When you copy the data, keep every word exactly as it is and leave the pictures out.

_INFORMATION SHOWN_
________________________

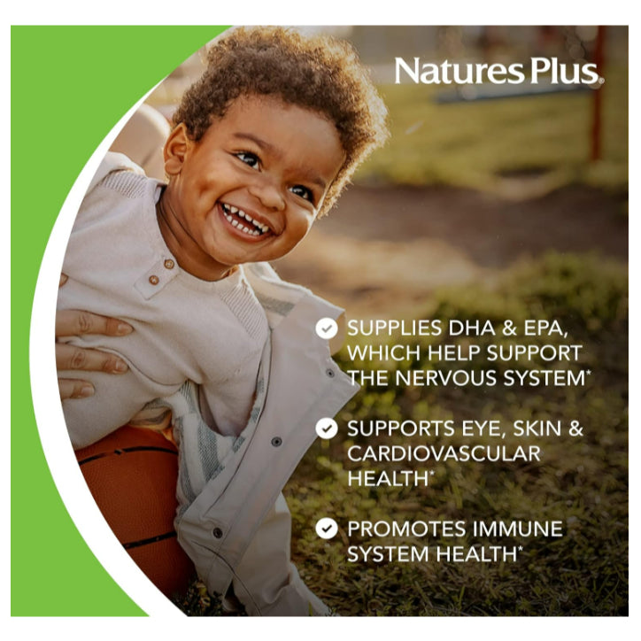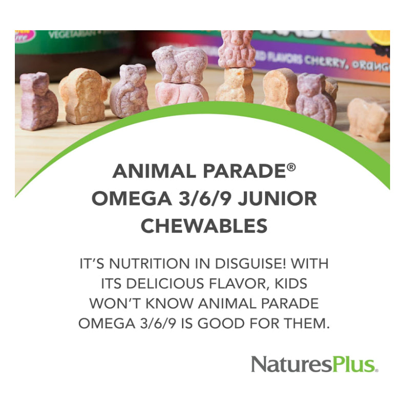 NaturesPlus Animal Parade Omega 3/6/9 Junior provides children with a blend of essential fatty acids, including Omega-3, Omega-6, and Omega-9, in chewable softgels with a natural lemon flavor. Here are the key health benefits:
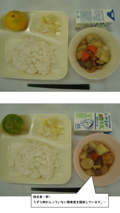 「関東煮 はくさいの甘酢あえ みかん ごはん 牛乳」
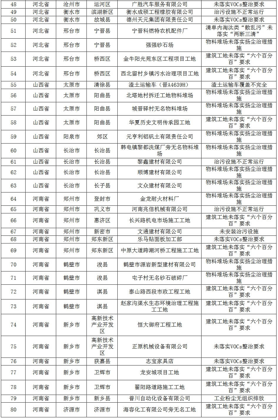 督查組檢查發(fā)現(xiàn),3家清單內(nèi)涉氣“散亂污”企業(yè),存在整改不到位問題。其中,河北省唐山市開平區(qū)1家,保定定州市1家,邢臺(tái)市寧晉縣1家。
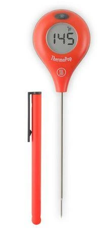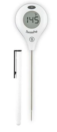 The first rotating display pocket thermometer, the ThermoPop is another innovation from ThermoWorks. A simple button press rotates the display in 90 degree increments. Hold the ThermoPop in either hand or read it when it’s upside down. Any angle is convenient!

________________________

_RESPONSE TO THIS TASK_
 NaturesPlus Animal Parade Omega 3/6/9 Junior provides children with a blend of essential fatty acids, including Omega-3, Omega-6, and Omega-9, in chewable softgels with a natural lemon flavor. Here are the key health benefits:
 「関東煮 はくさいの甘酢あえ みかん ごはん 牛乳」
 督查組檢查發(fā)現(xiàn),3家清單內(nèi)涉氣“散亂污”企業(yè),存在整改不到位問題。其中,河北省唐山市開平區(qū)1家,保定定州市1家,邢臺(tái)市寧晉縣1家。
 The first rotating display pocket thermometer, the ThermoPop is another innovation from ThermoWorks. A simple button press rotates the display in 90 degree increments. Hold the ThermoPop in either hand or read it when it’s upside down. Any angle is convenient!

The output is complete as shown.